Clustering analysis was also performed by using STRUCTURE [29] in 10 runs for each subpopulation from K = 1 to K = 4 with a burn-in period of 2 × 10⁵ generations after 2 × 10⁶ MCMC replicates per run. The results were illustrated by STRUCTURE HARVESTER to determine the best K according to the Evanno method [30]. Like STRUCTURE, Geneland is another Bayesian-model clustering analysis, but it runs georeferenced genotype data [31]. The most probable number of K was based on the highest average posterior probability from 10 runs in 1 × 10⁵ MCMC iterations under spatial and nonspatial models in uncorrelated assumption of allele frequency. The output of the Poisson–Voronoi tessellation was determined based on 200 × 200 pixels with a burn-in of 200.

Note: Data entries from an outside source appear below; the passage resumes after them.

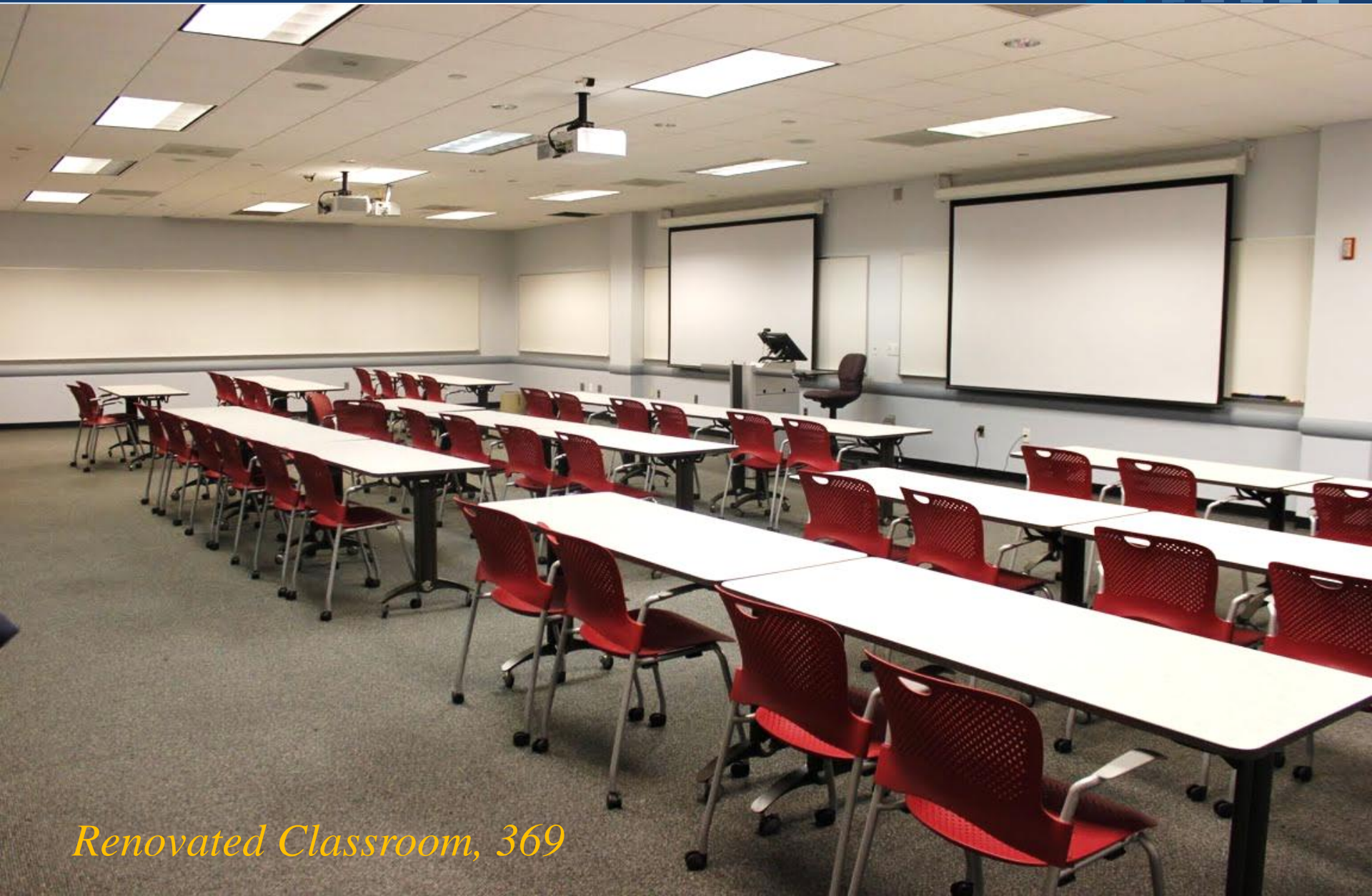
Renovated Classroom, 369
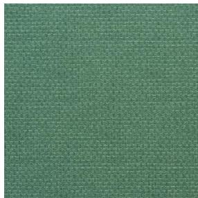
COMET OSIER 2300 Romarin 176
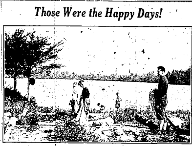
Those Were the Happy Days!
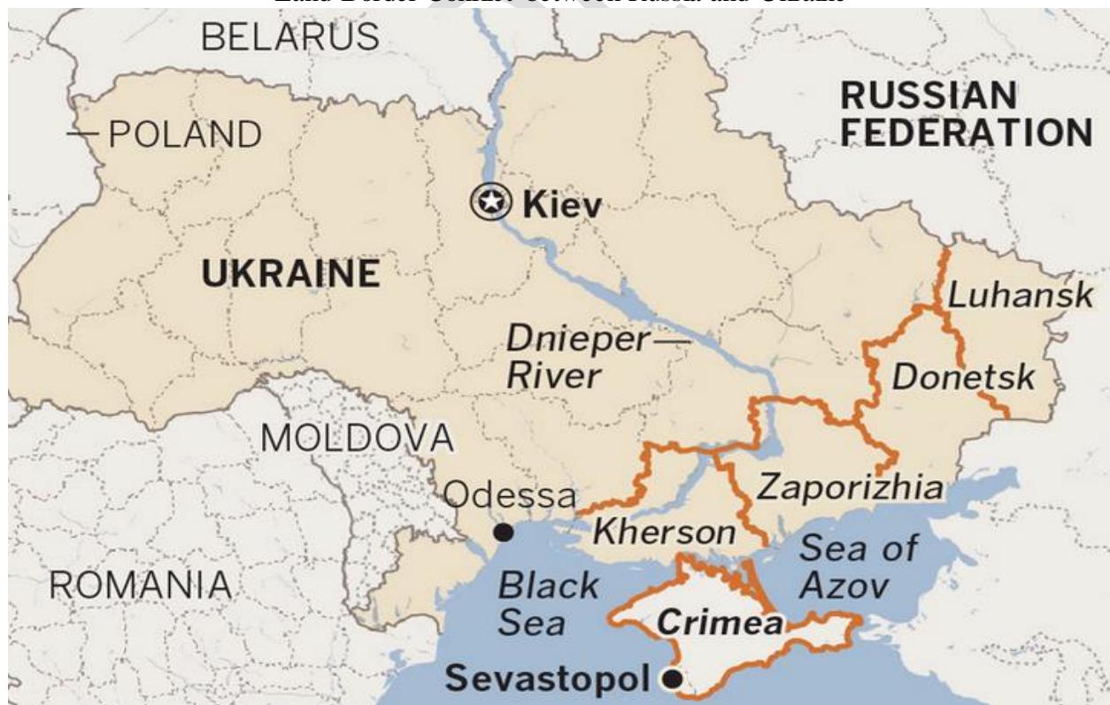
Map 1 Land Border Conflict between Russia and Ukraine
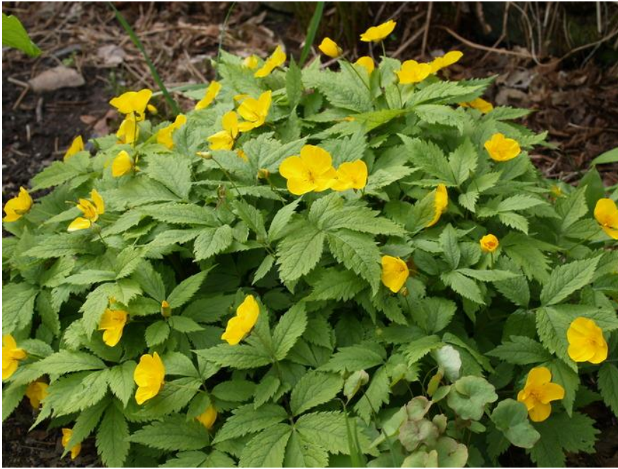
Figure 4. Hylomecon japonica , plant with the highest content of antibacterial agents [235]
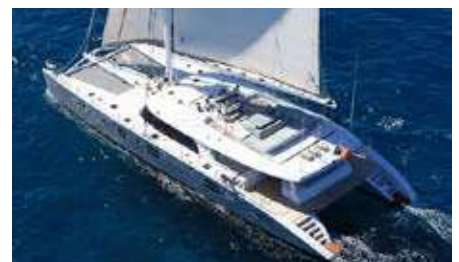
CHE Length: 34.70 m Guest/Crew: 8/6 Area: West Mediterranean Rate: From EUR 75 000/week
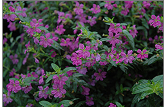
Allyson Mexican Heather flowers
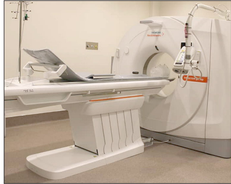
Computed Tomography (CT) Scan machine, one of the modern equipment for treating cancer patients ready for use after opening of the state of the art provincial hospital.
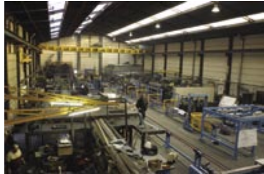
Assembly hall at De Simone.
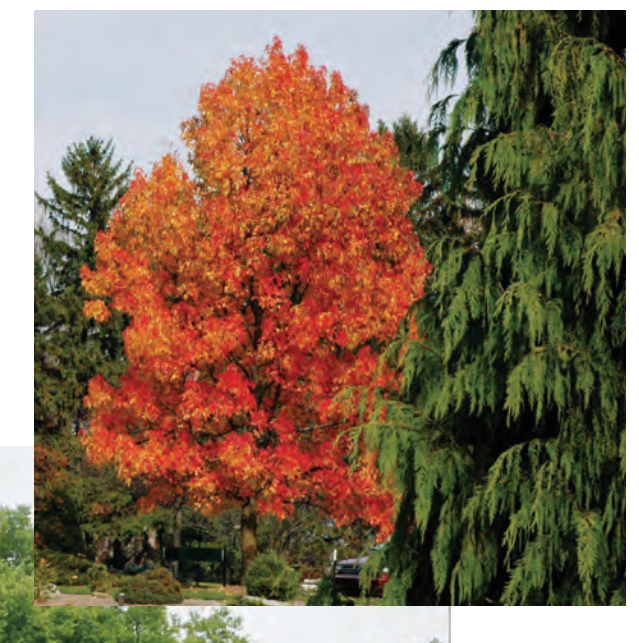
Hackberry frequently appears on "Tough trees" lists. Inset: Hackberry leaf close up.

Sweetgum can offer varied fall color from orange-red to purple.
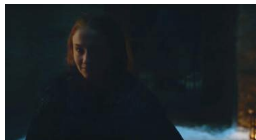
Figure 23 – Season 6, Episode 10
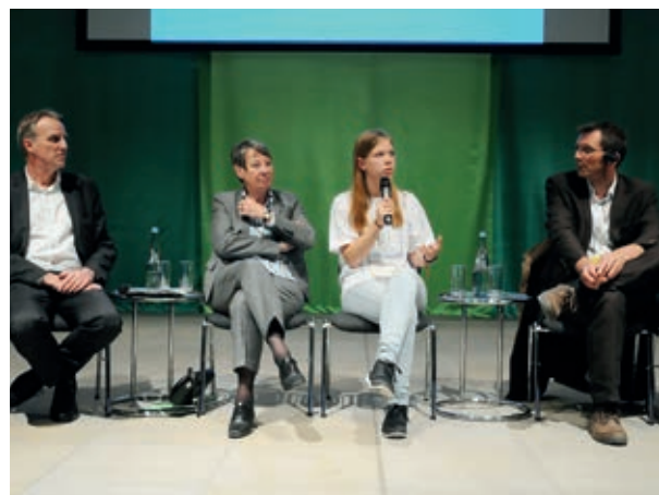
The Fishbowl discussion offered pupils a chance to talk about their concerns.
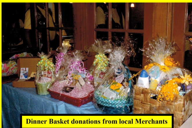
Dinner Basket donations from local Merchants
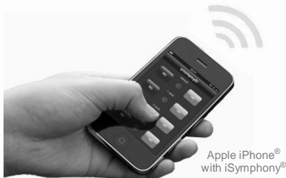
Apple iPhone® with iSymphony®
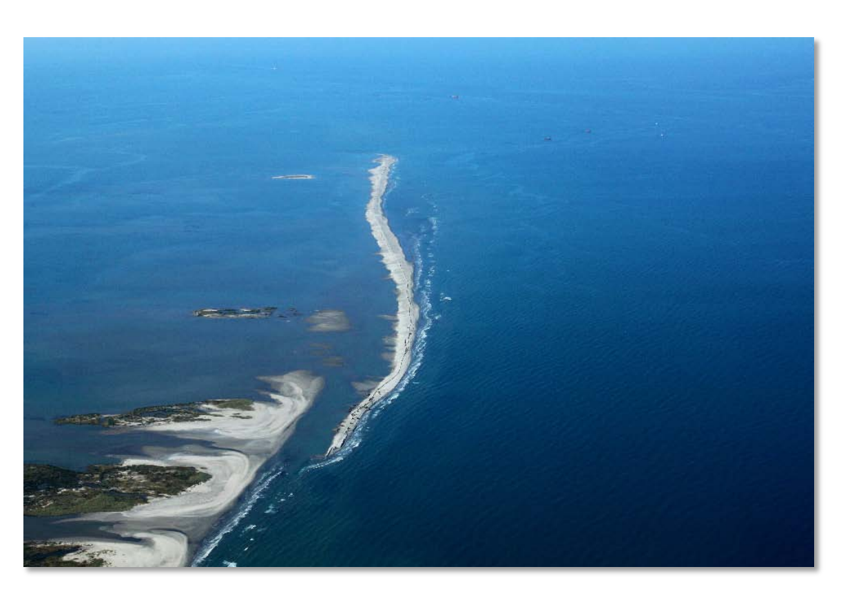
E4 North Berm - October 7, 2010

Shaw Environmental & Infrastructure Group

The directional migration pattern was simulated by diveRsity implemented in R based on relative migration network using Nm as a measure of genetic differentiation [18]. Moreover, the first-generation migrant detection was conducted by GENECLASS2 based on computation criterion from allele frequency and a Monte Carlo resampling method of 1000 individuals with p = 0.01 [16]. On the other hand, the Nm as an estimate of the effective number of migrants per generation based on Slatkin’s private allele method was estimated using GENEPOP as an R Package [32]. The phylogenetic tree as presented by phylogram was based on the Neighbor-Joining method according to Nei’s distance implemented by adegenet in R to visualize the population clustering in northern Taiwan [27].

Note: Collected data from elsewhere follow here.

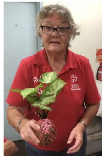
Northern Australia Trefoil Guild members making Kokedamas.

Kokedamas need to be dunked in water once or twice a week depending on where the plant is kept and they are meant to last up to a couple of years before they need to be replanted. They make a lovely gift and almost any plant can be used.
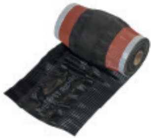
RussFast Ridge Roll 5m Ventilated or Unventilated
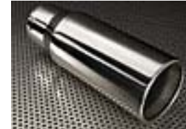
Exhaust Tip 4.7L $69.00 5.7L $79.00 Installed MSRP*
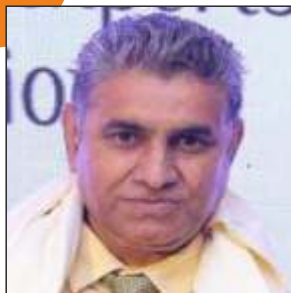
Hony. Secretary Pen...

"I hope this message finds you well. I am excited to share a wonderful opportunity for medical professionals to join the Delhi Medical Association (DMA) through its local branches. Become a member of this esteemed organization and enjoy lifelong benefits."
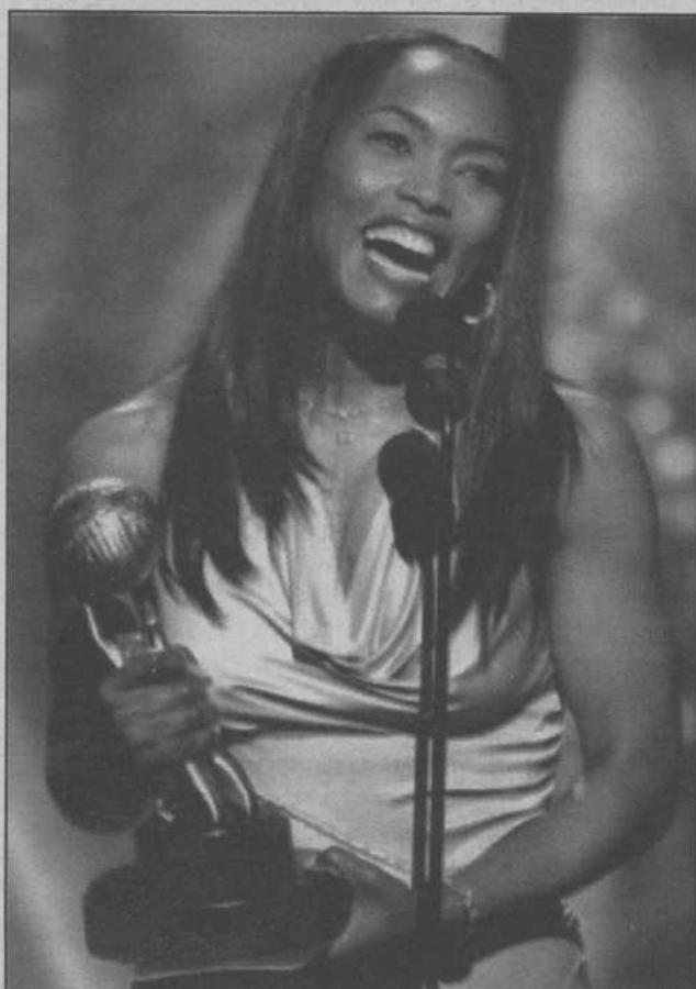
Actress Angela Bassett accepts the award for Outstanding Actress in a Motion Picture for her role in 'Sunshine State,' at the NAACP Image Awards in Los Angeles on Saturday.
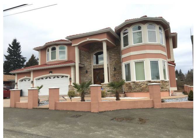
Grade 10/ Year Built 2014 /Total Living Area 4,130
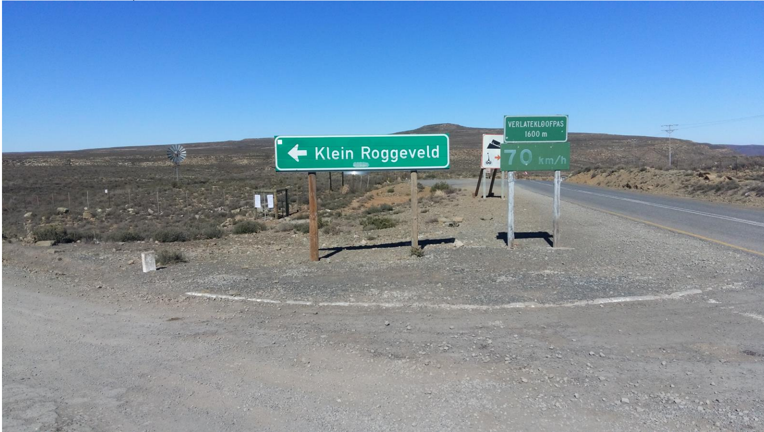
Figure 4: Site Notice placed along the turn off to Gunstfontein Wind Farm along Klein Roggeveld Road (32°31'26.94"S; 20°38'11.44"E).
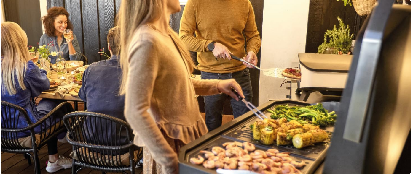
Figure 2: The Cozze Plancha in use during an outdoor gathering.

The bottleneck test examining populations that experienced a severe reduction in effective population size (Ne) was performed by the software BOTTLENECK. In this test, the heterozygosity excess was compared to expected equilibrium heterozygosity (H_e > H_eq) under mutation-drift equilibrium. It was determined statistically by Wilcoxon’s signed rank test [33]. The Ne, as a contemporary effective population size, was estimated by NeEstimator v 2.1 based on linkage disequilibrium under random mating with a critical value (P_crit ≥ 0.02) on allele frequency for rare alleles. Both the single-sample method and the two-sample or temporal method under a chi-squared parametric 95% confidence interval were performed for the Ne estimate [34].